Retour sur un sujet polémique : le dépistage du cancer du sein. En mars dernier, le Dr Manuel
Rodrigues (Institut Curie, Paris) soulignait dans le blog qu’il tient sur Medscape France que « le
dépistage tel qu’organisé en France, basé sur une mammographie tous les deux ans entre 50 et 74 ans,
permet de réduire la mortalité spécifiquement liée au cancer du sein de 15 à 30% selon les études, soit
150 à 300 décès évités pour 100 000 femmes réalisant le dépistage ». Le motif de cette intervention
était la publication d’une médiocre étude dans le British Medical Journal, qui, à partir de données
remontant aux années 80, concluait à l’absence de bénéfice de la mammographie par rapport à la
simple palpation [1]. Face à quoi le Dr Rodrigues défendait le dépistage comme « une avancée majeure
». « Revenir en arrière serait un énorme échec ».
Pr Eric Topol
A quelques semaines d’intervalle, autre son de cloche dans Medscape International, où le rédacteur en
chef, Pr Eric Topol (Scripps University, La Jolla Etats-Unis), personnalité médicale influente aux EtatsUnis, signe un éditorial très remonté contre la mammographie de routine. En fait, les deux discours ne
sont pas si opposés qu’ils le paraissent. Ainsi, de part et d’autre on situe la tranche d’âge pertinente
entre 50-74 ans, même si l’on n’apprécie clairement pas de la même manière la validation de la
mammographie tous les deux ans. La différence principale tient toutefois à ce que le Dr Rodrigues
défend la mammographie de routine contre la seule palpation, quand Eric Topol souhaite lui voir céder
le pas à un dépistage plus ciblé, sur des critères génétiques. Il est intéressant d’apprécier les nuances.

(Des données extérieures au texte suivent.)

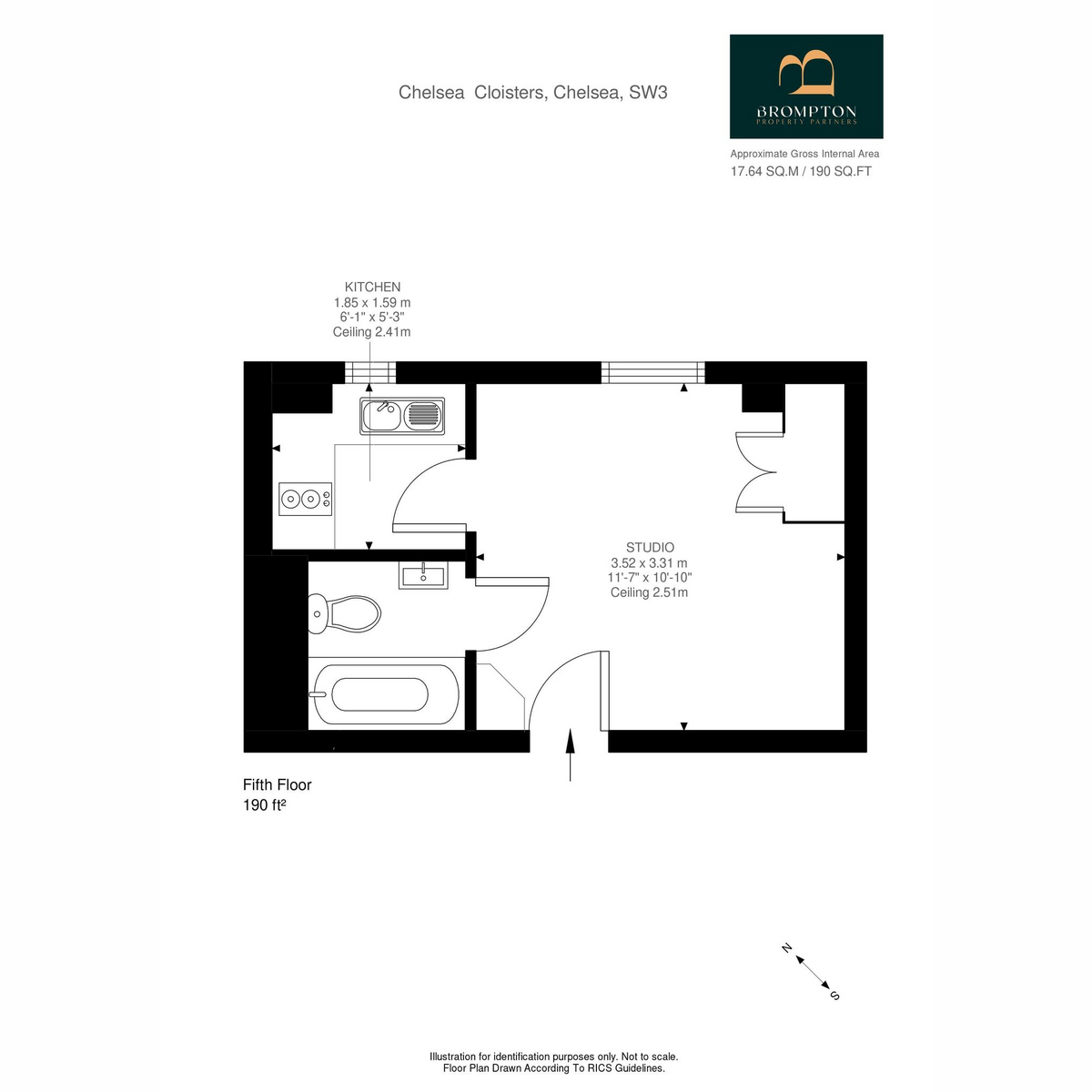 A well-laid-out fifth-floor studio flat, quietly positioned in this sought-after portered block in the heart of Chelsea. The flat offers a bright and welcoming studio room with built-in storage, a separate kitchen, and a bathroom.

[L’opinion qui suit a été publiée le 6 mai 2015 par Medscape International et signée par Eric J. Topol,
MD - Traduction : Vincent Bargoin]
La mammographie, recette perdante
« La communauté médicale s’enorgueillit de justifier ses décisions importantes par des preuves. Mais
lorsque ces preuves sont contraires à une pratique ancrée, la situation se complique. Tel est le cas des
recommandations sur la mammographie. Toutes les données disponibles aujourd’hui, convergent vers
un risque des mammographies de routine, significativement supérieur à leur bénéfice. S’il s’agissait d’un
médicament, en aucun cas la FDA ne l’approuverait. L’an dernier, le Swiss Medical Board [Association
indépendante qui «analyse et évalue les processus diagnostiques et les interventions thérapeutiques du
point de vue de la médecine, de l'économie, de l'éthique et du droit » - NDLR], après avoir examiné
toutes les données, a recommandé d’abolir la mammographie [2].

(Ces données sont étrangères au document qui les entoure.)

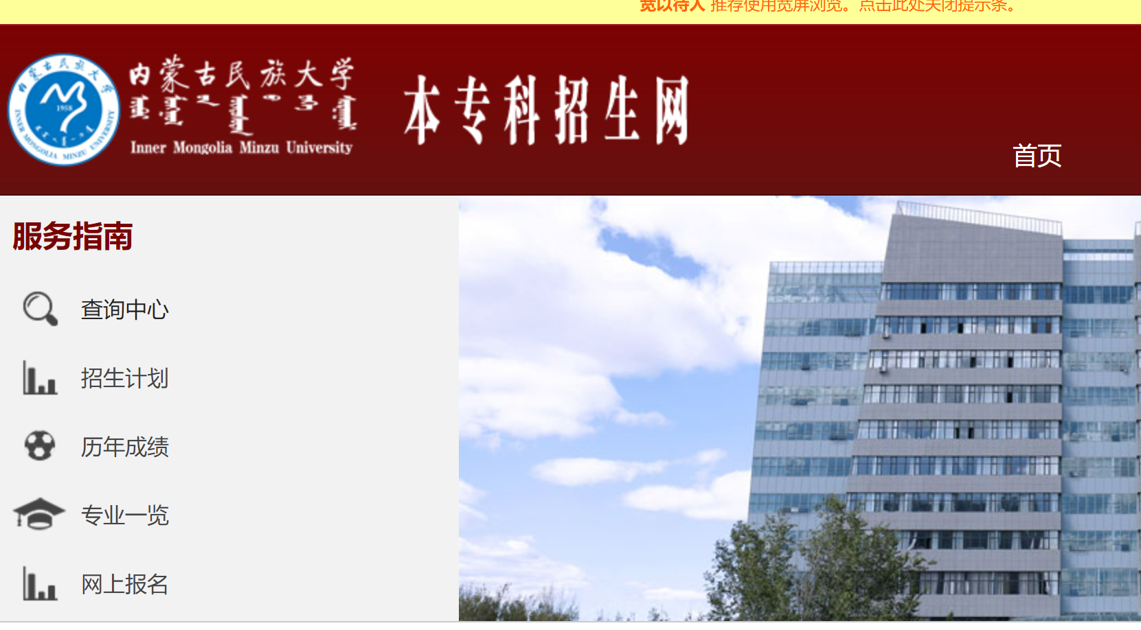 查询入口1:内蒙古民族大学本专科招生网

De son côté, la Preventive Services Task Force américaine (USPSTF) a dernièrement actualisé ses
recommandations sur la population cible du dépistage, et la fréquence de celui-ci. Aucun argument n’a
été retenu en faveur d’un dépistage de routine chez les femmes de moins de 50 ans ou de plus de 74
ans. S’agissant des femmes de 50 à 74 ans, la recommandation est d’une mammographie tous les deux
ans. Comme aucune grande étude n’a jamais été menée sur la mammographie tous les deux ans, on
peut s’interroger sur cette périodicité. Ce qui est disponible, en revanche, ce sont les nombreuses
données sur le dépistage annuel, et elles ne sont pas en faveur de cette pratique.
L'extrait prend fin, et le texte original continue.